In the early days of psychical research, evidence for psi
was gleaned from large effects and clear-cut demonstrations: proof was tantamount to
observing a psychic phenomenon in the raw, as it were. Nowadays, the exploration of psi is
based on a much subtler form of evidence: statistical inference. Psi is inferred from a
multiplicity of experimental trials when the average success rate deviates significantly
from chance baseline. (Actually Sir Francis Bacon sensed this way back in the 17th
century!)
Suppose we toss a perfectly balanced coin 100 times. It is intuitively obvious that the
most probable end result is 50 heads (or tails). This is the chance baseline rate -- the
outcome which, on the average, is most likely. Obviously, over the course of many sets of
coin-tosses, the actual results will fluctuate quite a bit. Outcomes of 52, 47 or 55 are
hardly unusual. On the other hand, results which deviate greatly from the expected average
- say, 65 or 30 - while possible, are improbable. The more improbable the result, the more
we are justified in considering it as evidence of psi rather than mere chance (assuming,
once again, that we verified that this is a "good" coin, with no flaws). The
research approach here is the same whether we are using coins, dice, cards, or other
random systems with a fixed set of possibilities: we ask a person to try for a particular
outcome, and compare the results with what would be expected by chance alone.

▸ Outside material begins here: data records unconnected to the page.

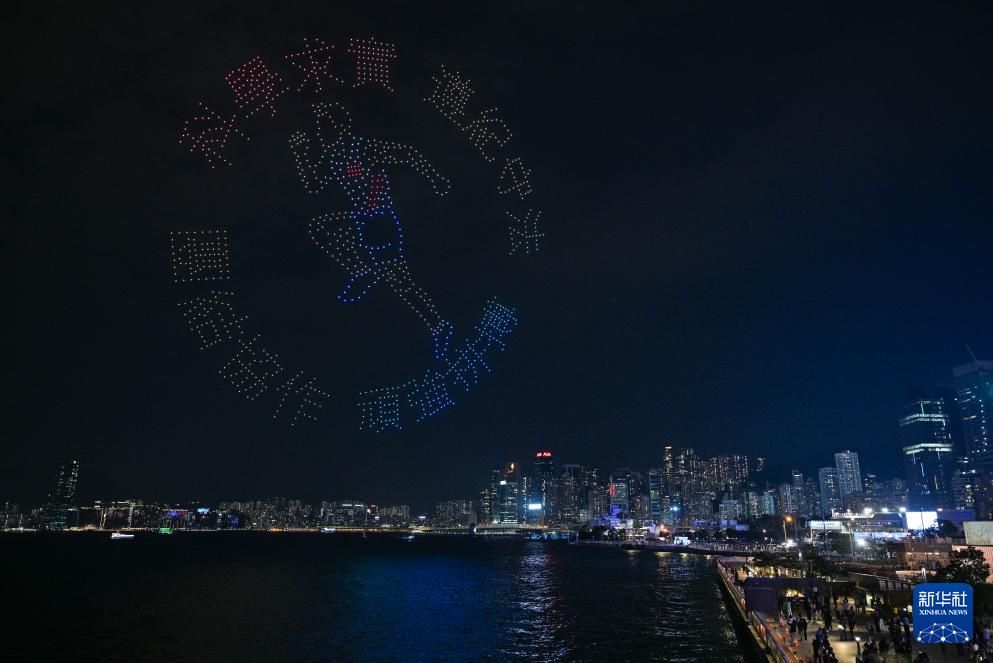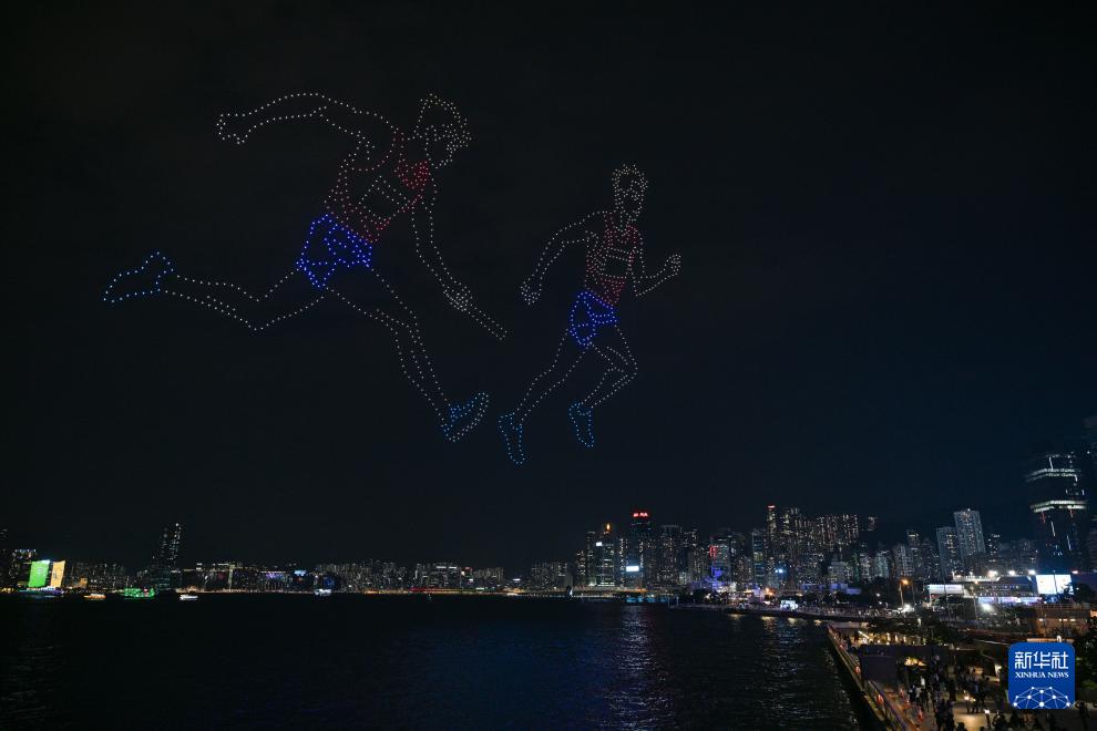 香港举行“体育力量 闪耀香江”大型无人机表演
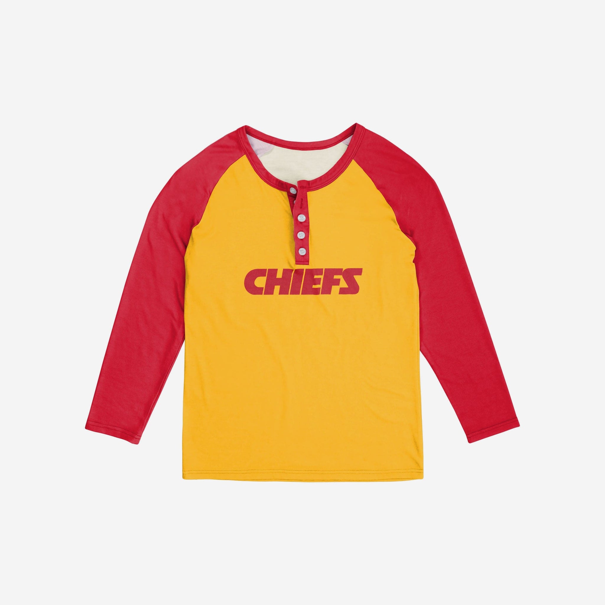 Spread the word(mark)! Dress to impress and let your team spirit speak for itself by rocking this Kansas City Chiefs Women's Big Wordmark Long Sleeve Henley.
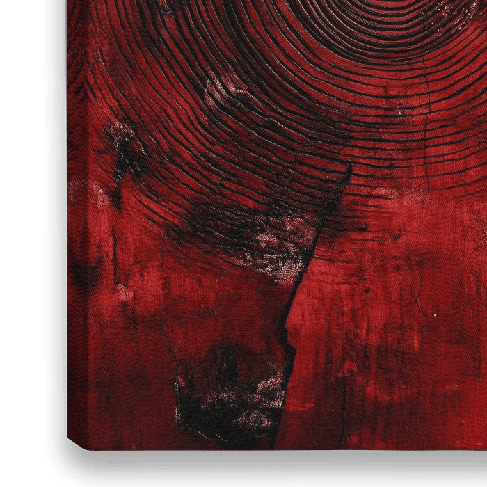 Dit krachtige kunstwerk legt de nadruk op de natuurlijke concentrische lijnen van houtnerven, omlijst door een intense rode achtergrond. De zwarte details en texturen versterken het contrast, waardoor de nerven een hypnotiserend en dynamisch effect creëren. De verweerde accenten voegen een rauwe, aardse esthetiek toe die de tijdloosheid…

Statistical analysis of random events, whatever the field of scientific study, is based on
the "normal" curve. Its form is the famous bell-shape which represents the
distribution expected for a large sampling of random events. A basic concept here is the
"standard deviation" ( sigma or sd ), which is a standardized measure of the
distance between a given result and the expected average (chance baseline). In principle,
the majority of random events - 64% - fall within 1 sd of the expected mean; 95% of random
events should fall within 2 sd. |